I dont believe that current sellers of licenses of software (and other media
too) would like such consumer protection laws, because it means they no longer
control their consumer's collection - e.g., any law that does not enforce the
2nd sale doctrine for digital goods is bound to fail to protect consumers, but
media creators would not want to allow 2nd sale of their digital goods
(ever!).

------
icambron
IANAL, but I'd have guessed that the answer to Kerr's first question -- does
an IP address block constitute a "technological barrier?" \-- would be no.

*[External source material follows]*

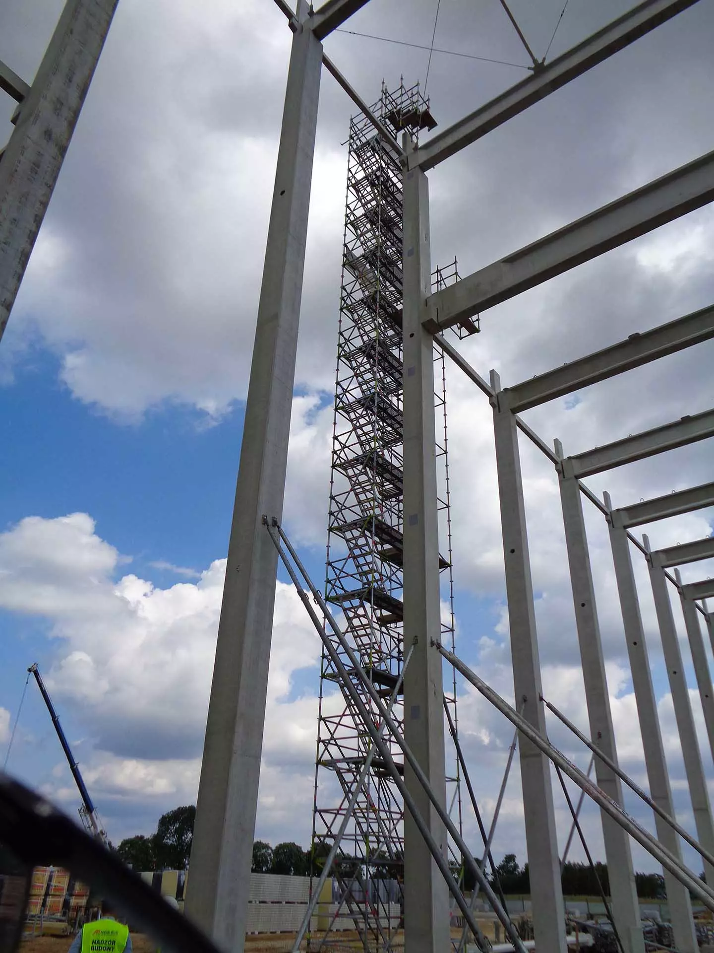 - Rusztowania dla wież – np. przy wieżach kościołów, kominach, masztach.

My
reasoning is this: IP addresses change all the time and so a normal,
unsophisticated user could, perhaps even unwittingly evade the barrier without
any sort of technological workaround. If you could accidentally do it in the
course of your day, it's doesn't pass muster as a "barrier".

Imagine you had a building complex with many roads leading to it and you want
to forbid motorcycles from entering it. You set up a blockade on one of those
roads, and have a security guard turn away motorcycles. But there are all
these other roads leading to the complex without blockades. Normal, every day
people roads just like the one that has a blockade, and anyone could use them
to drive in on a motorcycle. Does that constitute a barrier that's being
circumvented?

That's all all directed at that narrow question. For the record, I don't think
you should be allowed to use a website when the owners have asked you not to,
but I do see how it's pretty different than, say, brute forcing the SSH
password. And so that narrower question might have some impact on what charges
their guilty of.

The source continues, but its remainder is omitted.